Appel du Laboratoire de Psychologie Sociale EA 849, Aix-Marseille Université face à la menace de l’extrême droite

Il y a dans le racisme, « un noyau dur, un matériau impalpable qui résiste, autour duquel on peut tourner comme les électrons tournent autour de leur noyau, mais dans lequel on ne pénètre pas. Un noyau aussi dur et aussi résistant que la mort elle-même ».

(Moscovici, 1984).

Nous psychologues sociaux,

chercheur.e.s et enseignant.e.s, membres du Laboratoire de Psychologie Sociale d’Aix-Marseille Université lançons un appel pour battre l‘extrême droite lors des élections législatives des 30 juin et 7 juillet 2024, en raison de notre engagement pour la démocratie, l’inclusivité, les droits humains et la justice sociale. Cet engagement repose sur des décennies de recherche et d’analyse des dynamiques sociales, des préjugés, des processus de discrimination, de domination sociale, d’exclusion sociale …et leur impact sur les groupes sociaux et les rapports intergroupes. L’histoire de la psychologie sociale est profondément marquée par la montée du fascisme et des régimes totalitaires du XXe siècle. En effet, c’est dans ce climat et en réponse aux horreurs du fascisme que les chercheurs en psychologie sociale ont développé des théories et mené des recherches visant en la compréhension des mécanismes psychosociaux sous-tendant ces idéologies destructrices. La montée des totalitarismes en Europe a poussé de nombreux chercheurs, souvent eux-mêmes persécutés ou en exil, à se pencher sur les mécanismes de l’endoctrinement et de la soumission à l’autorité.

Ne pas rester muets face à ces événements. Analyser et comprendre les logiques psychosociales qui sous-tendent ces idéologies nauséabondes sans pour autant les justifier, voilà la démarche de nombreux chercheurs en psychologie sociale. Nous retiendrons les travaux de Milgram (1974) visant à comprendre comment, soumis à une autorité perçue comme légitime, des individus ordinaires pouvaient commettre des actes cruels. L’objectif ici était encore d’essayer de comprendre les atrocités commises par des personnes ordinaires pendant le régime nazi.

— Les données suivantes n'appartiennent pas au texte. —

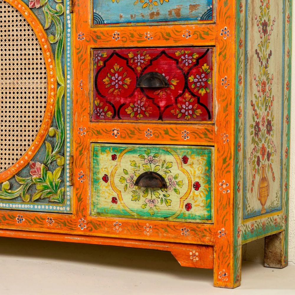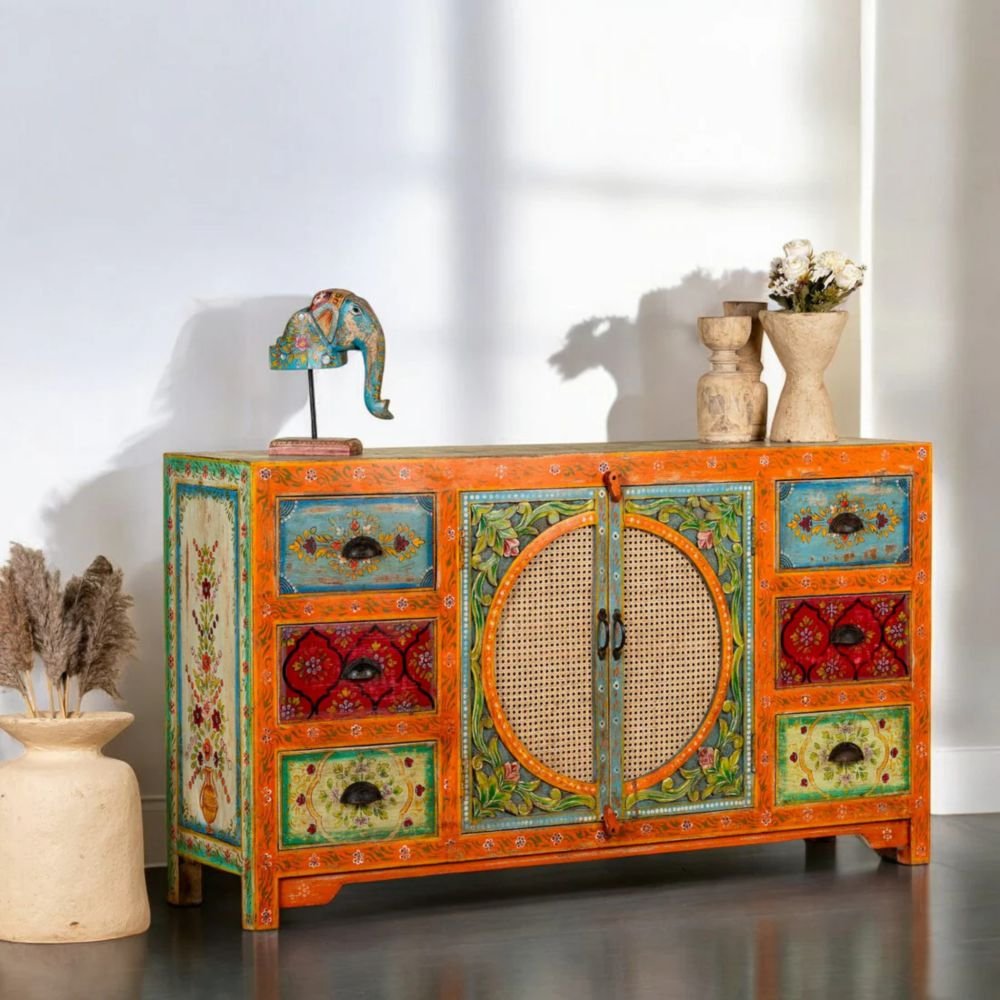 Vintage Ibiza Style Hand-Painted Mango Wood Sideboard 160cm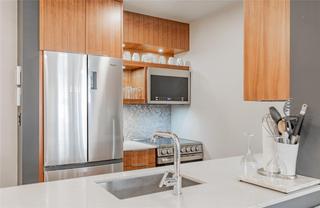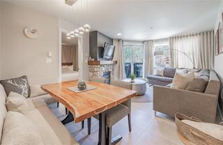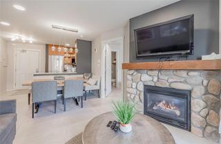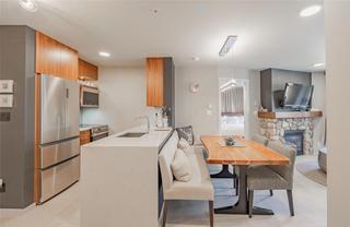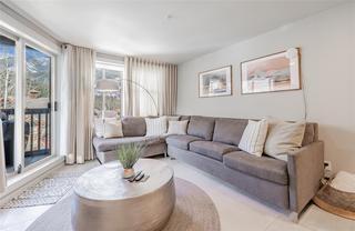 **SKI TIP NUMBER 202 – UPPER VILLAGE FULLY RENOVATED CORNER UNIT WITH MOUNTAIN VIEWS – TURN-KEY - FULLY FURNISHED - SLEEPS 8** Look no further, this 2 bedroom, 2 bathroom luxury suite offers ski in / ski out living, 2 ski lockers, underground parking. COMPLETELY RENOVATED and designed to include oversized heated tile flooring throughout, all new cabinetry, full size dishwasher rare to the building, Heier French door refrigerator, waterfall countertops, accent lighting, luxurious tiled bathrooms, painted throughout, LED pot lights and acoustic drapery in the primary bedroom. FURNISHING PACKAGE includes a king bed in the primary bedroom, two separate beds in the second bedroom with trundle pull out mattresses, king sized fold out couch in the living room, fully equipped kitchen, patio furniture and more. Your friends and family will forever be thankful that you snapped up with incredible property that truly allows a year round recreational getaway like no other walking distance to everything you have in mind. Pool access (water slides in the summer) and surrounded by coffee shops, Alto Restaurant, the T-Bar restaurant and located above the main lodge which offers a host of breakfast / lunch options. Act now and enjoy for a lifetime. STRATA FEES INCLUDE ALL UTILITIES.

Mettons également l’accent sur les travaux éminemment actuels de Tajfel (1979) sur l’identité sociale qui explore comment les individus catégorisent les autres groupes, favorisant leur propre groupe en discriminant les autres.

Cette théorie avait pour ambition d’expliquer les dynamiques de l’exclusion sociale et de la discrimination de groupe, caractéristiques des idéologies fascistes et tristement en écho avec le climat actuel.  Notre opposition est fondée sur une compréhension fine des conséquences funestes des idéologies d’extrême droite sur les sociétés et les individus. A titre d’exemple, alors que l’extrême droite exacerbe les tensions entre les groupes au travers des mesures politiques prônant la préférence nationale, de nombreux travaux (Allport, 1954 ; Pettigrew & Tropp, 2006) montrent que des interactions répétées entre les membres de différents groupes pourraient diminuer les tensions et les préjugés intergroupes, à condition que le contexte politique et institutionnel soit favorable. C’est dans ce contexte alarmant qu’il nous semble de notre responsabilité en tant que psychologues sociaux de ne pas nous laisser gagner par l’indifférence et de continuer à explorer les facteurs qui conduisent à ces comportements discriminatoires, de partager les conclusions de ces travaux et d’appeler à combattre l’idéologie d’extrême droite et défendre les valeurs humanistes et universalistes qui sont les nôtres.

Au vu des résultats des récentes élections européennes, l’urgence est à la (re)mobilisation pour les prochaines élections législatives et à l’expression de ces valeurs dans les urnes.